Previously School of Library & Information Studies
Friday Afternoon Seminar: Summaries.
296a-1 Seminar: Information Access, Spring 2012.
Fridays 3-5. 107 South Hall.
Schedule. Weekly mailing list.
Summaries will be added as they become available.
Friday, Jan 20: Clifford LYNCH: Surveying the Changing Cultural Record.
Introduction to the seminar. Introductions of participants.
We have become accustomed to talking rather casually about ideas like
"archiving the cultural record", yet we have a very poor understanding of what constitutes
this record and how it is changing with the continual evolution of information technology.
As a result it's difficult to tell how effective our range of cultural memory institutions
are, how to set priorities, and where there are needs to develop new public policies.
In this discussion, I'll do some initial very high level surveying of what might be
considered to constitute the cultural record and briefly discuss some of the stewardship issues.
Friday, Jan 27: Pinar ÖZTÜRK: Classical and Textual Case-based Reasoning.
Case-based reasoning (CBR) is an artificial intelligence method for problem
solving. The underlying idea is that similar problems have similar solutions. When a new
problem is encountered, similar past solutions are found and used to solve the new problem.
A difficulty with "classical" CBR is the assumption of structured representation of cases
in the form of attribute-value pairs. In real life most problem solving experiences are
documented as free text, not as structured representations. Manual structuring/engineering
of cases is a daunting task especially when the experience collection is large. In the past
two years I have started to explore how to do CBR using textual cases using less knowledge engineering
effort. I will discuss the research questions, challenges, and possible directions within CBR.
Pinar ÖZTÜRK is an associate professor in at the department of
computer and information science at the Norwegian University of Science and Technology.
Her research focus is in the areas of case-based reasoning, learning by imitation, and
multiagent systems. She has been involved in projects using CBR in medical diagnosis and
oil drilling in the past. She is currently responsible for applying CBR in a smart power
grid project funded by Norwegian utility companies. In another project, again in the
power domain, she is employing multiagent systems for e-cars.
Friday, Feb 3: Michael BUCKLAND and Patrick GOLDEN: Scholarly Notes and Digital Humanities.
Our presentation will have two components: A progress report on the
"Editorial Practices and the Web" project (and some closely related work) and a discussion the
implications of this work for the nature and infrastructure of digital humanities.
The preparation of scholarly editions of historically important texts is
important in the humanities, but expensive. A minor change in editorial procedures to allow
editors' working notes to be available in a collaborative environment increases the return on
investment by reducing duplicative work, increasing editorial productivity, making additional
resources available to the public, and preserving resources ordinarily lost when funding ends.
Scholarly notes of various kinds are created throughout the Humanities. So a focus on scholarly
a basis for convergence and collaboration among quite diverse constituencies across the
The project website is at
Friday, Feb 10: Ray LARSON and Brian TINGLE: Update on the Social Networks and
Archival Context (SNAC) Project.
Archivists have a long history of describing the people who -- acting
individually, in families, or in formally organized groups -- create and collect primary
sources. They research and describe the artists, political leaders, scientists, government
agencies, soldiers, universities, businesses, families, and others who create and are
represented in the items that are now part of our shared cultural legacy. However, because
archivists have traditionally described records and their creators together, this information
is tied tospecific resources and institutions.

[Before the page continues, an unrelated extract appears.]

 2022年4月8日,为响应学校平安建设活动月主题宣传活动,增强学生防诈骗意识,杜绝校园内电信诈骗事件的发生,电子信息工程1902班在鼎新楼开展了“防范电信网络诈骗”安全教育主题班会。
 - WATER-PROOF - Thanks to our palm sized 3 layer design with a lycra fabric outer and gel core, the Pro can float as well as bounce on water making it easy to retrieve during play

The SNAC Project is using digital technology to "unlock" descriptions of people
from descriptions of their records and link them together in interesting new ways. We are
aggregating and interrelating those descriptions using EAC-CPF (the Encoded Archival Context
- Corporate Bodies, Persons and Families). Work on the SNAC project is being conducted by
a consortium consisting of The Institute for Advanced Technology in the Humanities (University
of Virginia), the UC Berkeley I-School, and the California Digital Library.

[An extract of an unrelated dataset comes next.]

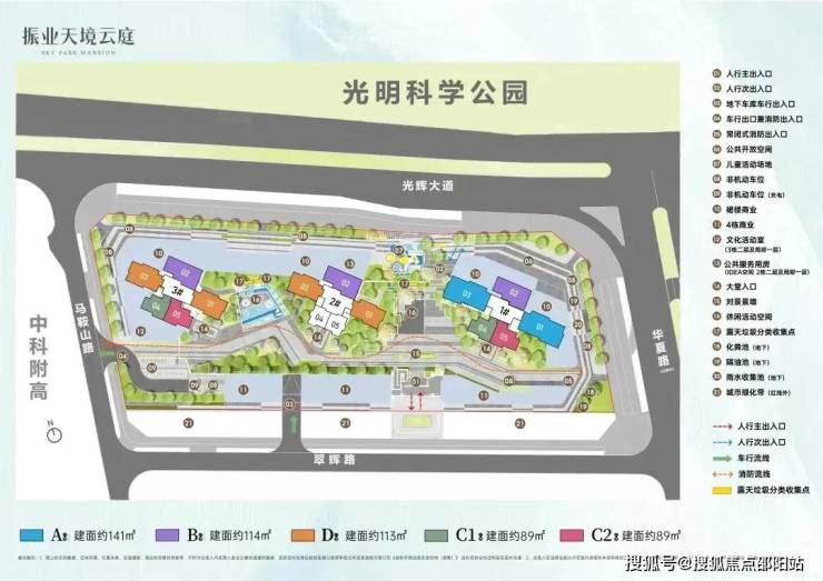 振业天境云庭,位于光明中心区光辉大道与华夏路交汇处西南侧,项目所在的光明中心区是光明规划最宜居,居住小区板块最大的片区,北侧仅靠科学公园,深圳美术馆、深圳科技馆新馆等都是位居于此,距离最近的6号地铁线“楼村站”约950米。振业天境云庭:项目占地面积约1.22万㎡,规划总建筑面积约8.96万㎡,计容积率建面约5.85万㎡,容积率4.7;小区包含商品住宅(4.2万㎡)、自住租赁(0.3万㎡)、移交政府保障租赁(0.5万㎡)、裙房商业(0.3万㎡)、文化活动室(0.15万㎡)、基础生活配套设施等,是一个多种居住属性混合的楼盘;
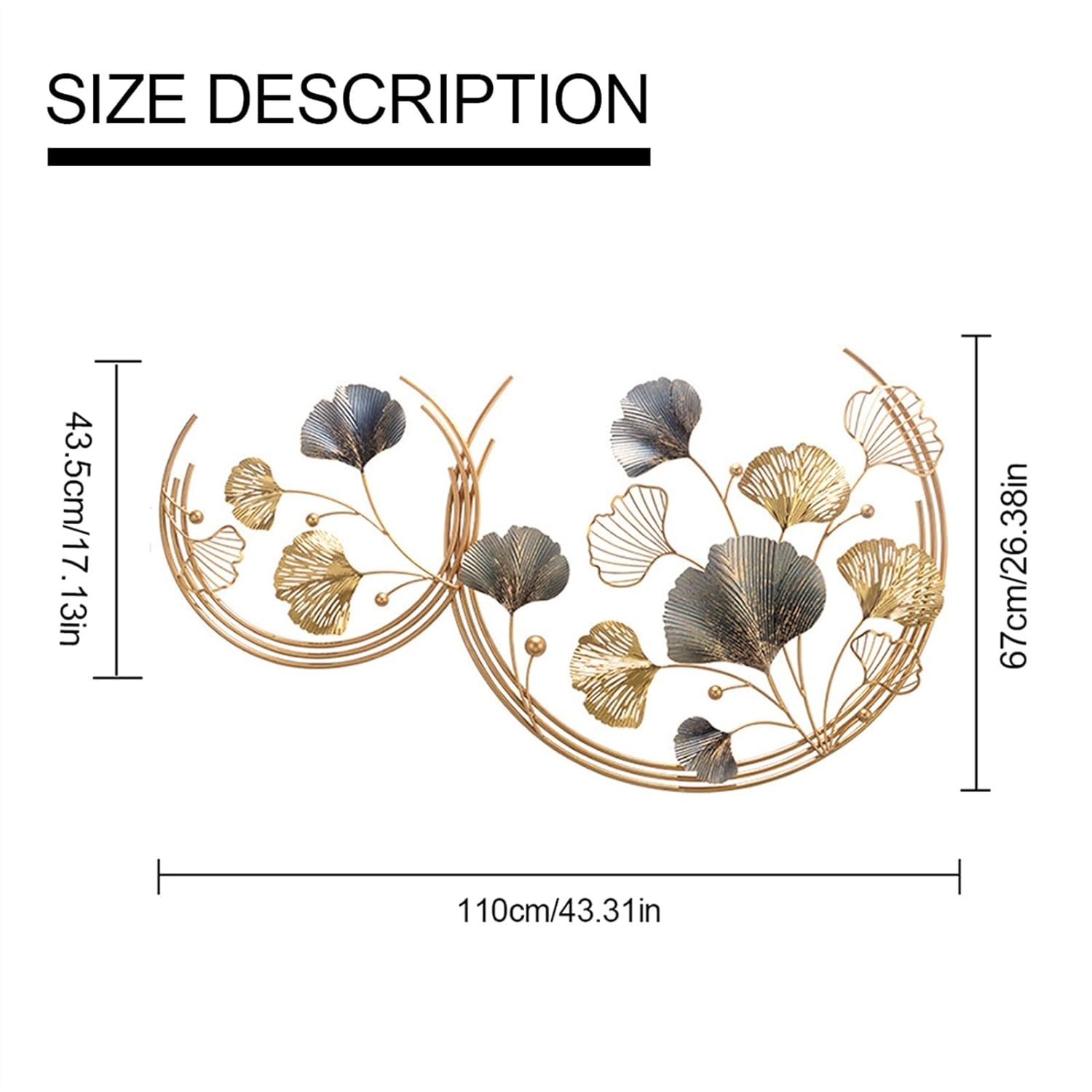 The half moon design, adorned with intricate leaf patterns, creates a stunning visual effect that will captivate your guests. Perfect for adding a touch of elegance to your hallway, living room, dining room, bedroom, or entryway, this beautiful piece of metal wall art is sure to become a conversation starter.

To represent the network of relationships between corporate bodies, persons
and families, the merged EAC-CPF XML records have been processed into a graph database,
which is used to power an interactive network visualization and generate linked data for
publication as a SPARQL endpoint. The talk will review the Tinkerpop graph database stack
and Apache Jena linked data technologies used for this processing. The graph and RDF data
sets and APIs published by the project will also be described, including an overview of key
sections of source code for the graph processing.
In this presentation we will describe and present an update on the SNAC project
and demonstrate the public access interface for the SNAC database, including social network
visualizations of SNAC persons, corporate bodies and families. The SNAC project is currently
funded by the National Endowment for the Humanities and by a grant from the Mellon Foundation. We will also discuss future plans for the project.

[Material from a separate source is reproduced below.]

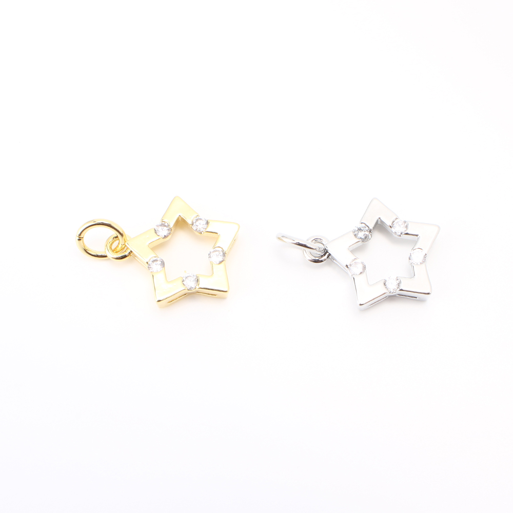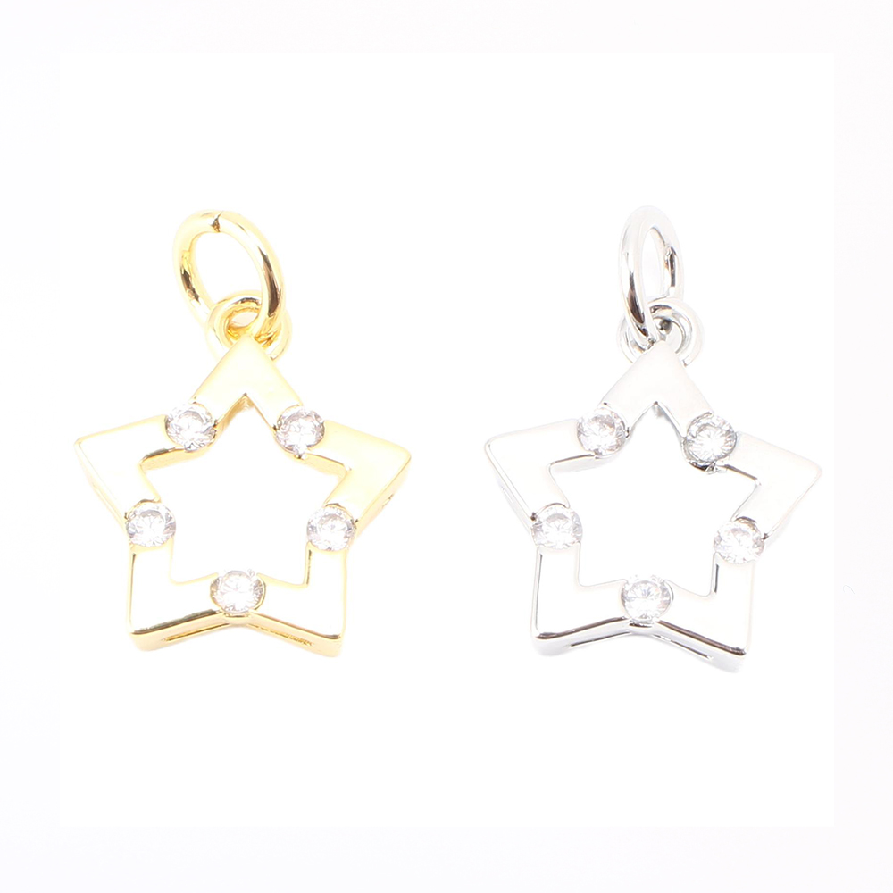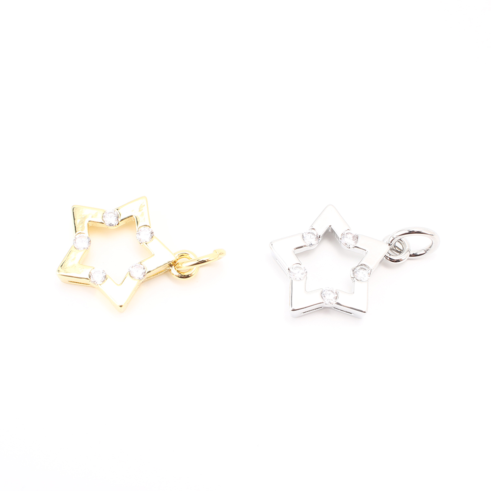Cubique Pendentif en laiton zircon pavent, étoile, DIY & pavé de micro zircon & creux, plus de couleurs à choisir, 13x11x3mm, Vendu par PC

Project Site: http://socialarchive.iath.virginia.edu/.
Brian Tingle is Technical Lead for Digital Special Collections at the California
Friday, Feb 17: AnnaLee SAXENIAN and Irene ELETA.
Annalee SAXENIAN: Ischools and the Ischool Conference.
Dean Saxenian will lead a discussion on the recent ischool conference.
Irene ELETA, Univ of Maryland: Multilingual Social Tagging of Art Images:
Cultural Bridges and Diversity.
Brief overview of the "T3 project: Test, Tags, and Trust" at the University
(umiacs.umd.edu/research/t3/), which combines
text mining and social tags for improving access to digital image collections in museums and
libraries. The principal investigators of this project are Drs. Judith Klavans (Computational
Linguistics and Information Processing Lab) and Jennifer Golbeck (iSchool Human-Computer
Within this broader context, the talk will focus on a study of multilingual social tagging,
carried out by Irene Eleta with the guidance of Dr. Jennifer Golbeck. This study compares
social tagging patterns in two languages (Spanish and English) in image collections of art.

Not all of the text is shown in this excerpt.